Nanoparticle additives emerge as a modern solution to eliminate the performance gap between conventional water-based drilling fluids (WBDFs), and more superior but environmentally challenging oil-based drilling fluids (OBDFs). This study focuses on the enhancement of KCl polymer mud using nano-additives. While nano-additives like copper oxide (CuO NPs) were studied and showed promising results, another form of copper (elemental copper nanoparticles, Cu NPs) with a potential as a multifunction mud additive remains largely unexplored.

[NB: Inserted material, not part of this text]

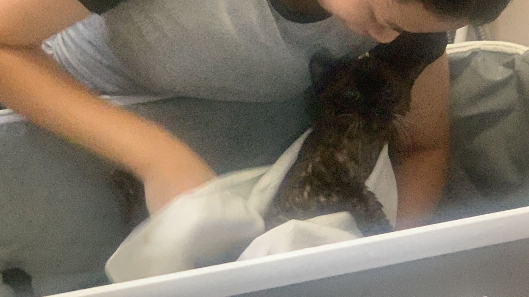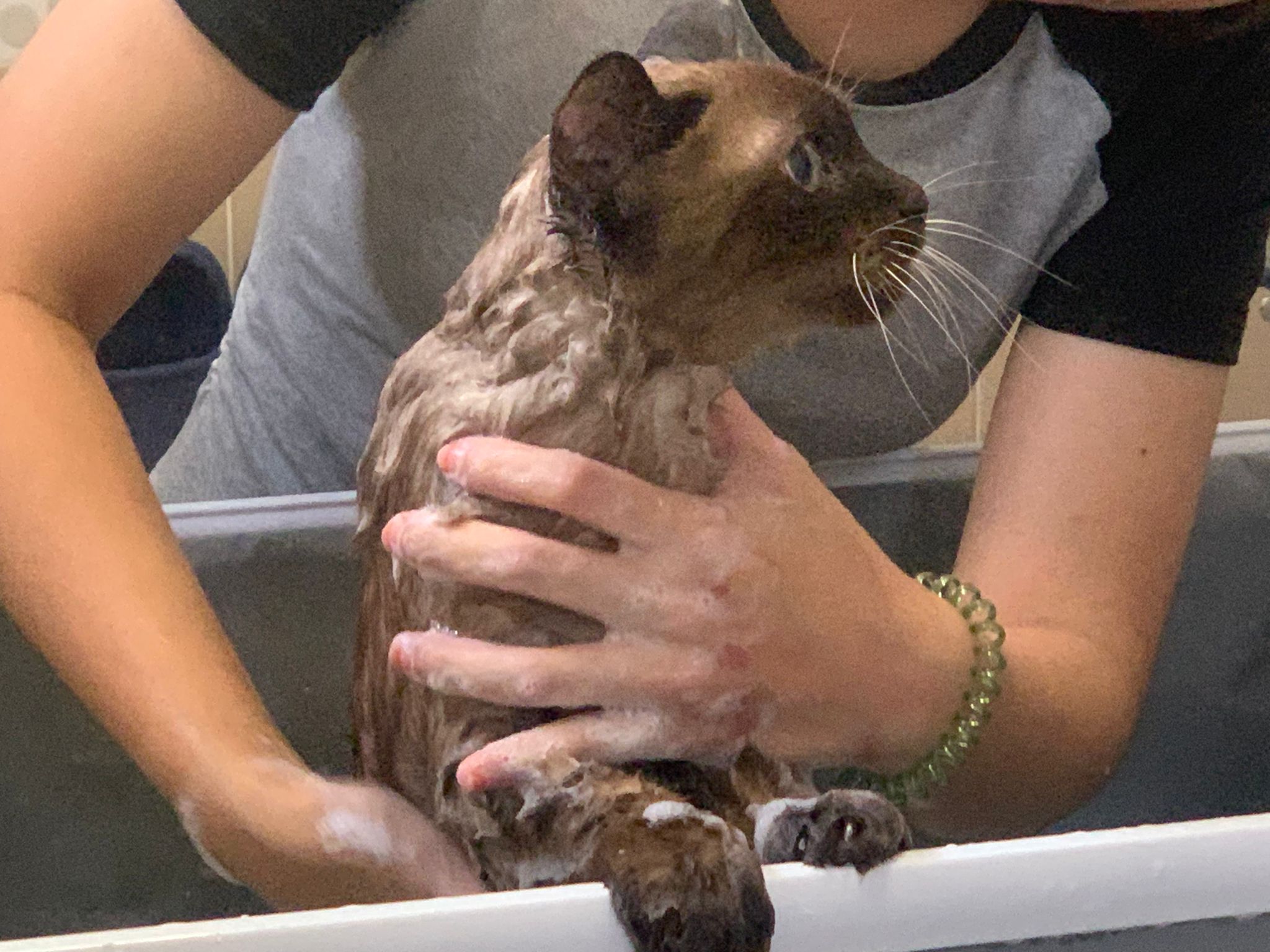 Morning: bath her today. I comb her twice, her tail v wet still. I leave her to dry in machine n told jo to just release her when she leave, cos I bring bai bai mama to vet.

This research systematically investigates the impact of Cu NPs (0.04–0.8 wt%) on the lubricity, rheology, and filtration properties of KCl polymer mud. All the measurements were done in the lab at room temperature, using lubricity tester, viscometer, and low-pressure filter press. Most additives tend to enhance one property of the mud, but the Cu NPs acted as a more superior properties enhancer, as it didn't enhance only one aspect of KCL polymer mud, but acted as multifunctional additive. For the lubricity, the effect of Cu NPs was significant on the coefficient of friction (CoF), with maximum reduction of 41.68% observed at 0.8% concentration, however at the 0.2% concentration, a relatively similar result of CoF reduction was observed with 39.78% making it the optimal concentration for the lubricity aspect. For the rheological properties, the addition of Cu NPs to the KCL polymer mud enhanced the overall rheological properties, increasing the plastic viscosity (PV), yield point (YP), apparent viscosity (AV), and gel strength, the highest values [PV (44.5 cP), YP (69.4 lb/100ft²), AV (77.35 cP)] were observed at 0.2% concentration. Unlike its beneficial effects on lubricity and rheology, the addition of Cu NPs to KCl polymer mud resulted in increased fluid loss and thicker filter cakes. The study concludes that a concentration of 0.2 %wt of Cu NPs is optimal for the simultaneous enhancement of lubricating and rheological properties in KCl polymer mud. This study highlights the potential of Cu NPs as a multifunctional additive that can be used in advanced water–based drilling fluids systems.